Comment 118104

By John Neary (registered) | Posted May 02, 2016 at 13:43:06 in reply to Comment 118094

As a general internist who cares for a lot of people with serious medical problems, I agree that medical fitness to drive is likely a contributing factor behind a meaningful proportion of road traffic accidents.

That being said, I do have a correction to make to one of your points:

there is a great hesitancy from family physicians to remove drivers licenses from individuals with health issues that could impact their safety

The relevant legislation is Section 203 of the Highway Traffic Act, which reads

Every legally qualified medical practitioner shall report to the Registrar the name, address and clinical condition of every person sixteen years of age or over attending upon a medical practitioner for medical services, who, in the opinion of such medical practitioner is suffering from a condition that may make it dangerous for such person to operate a motor vehicle.

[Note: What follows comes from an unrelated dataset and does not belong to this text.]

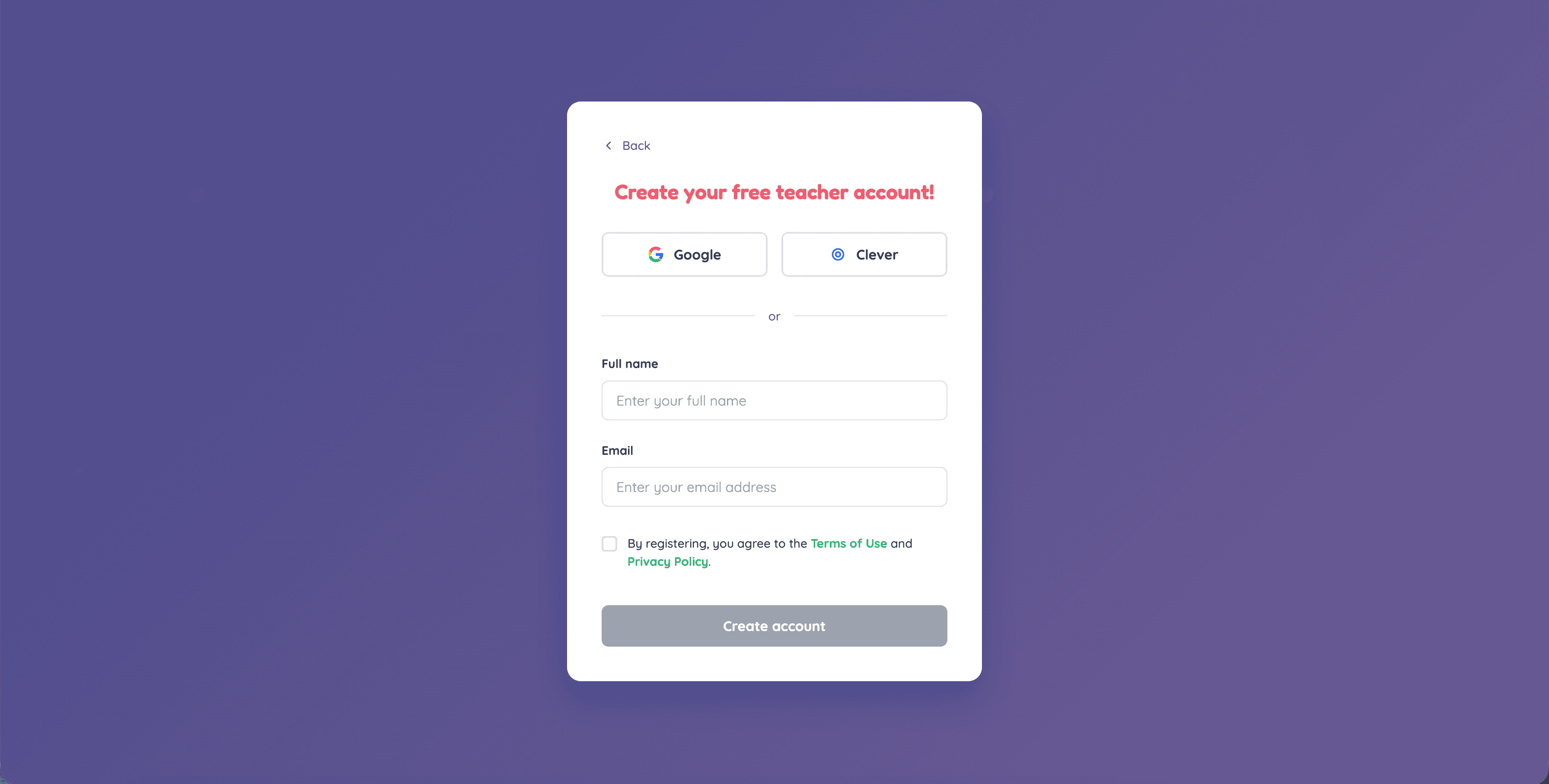 - Single Sign-On (SSO): If your school uses platforms like Clever or Google Classroom, click the corresponding button and sign in with your school credentials.

That is, the physician does not remove the driver's license. He or she reports to the MTO that there is a condition that may make it dangerous for the person to operate a motor vehicle, and the MTO makes the final decision.

At least, that's how it is supposed to work. In real life, physicians are aware that they way in which they phrase their reports has great influence over what the MTO decides. The duty to report is not discretionary, and I think most physicians do take it seriously, although we're acutely aware of how much independence is lost in a car-dependent society when we do report concerns regarding fitness to drive and the MTO pulls the license.

There is room to improve the mechanism for reporting and follow-up, but more importantly, there is room to improve land use planning and transit service in order to allow people of all ages to be as independent as possible regardless of whether they can (or do) drive.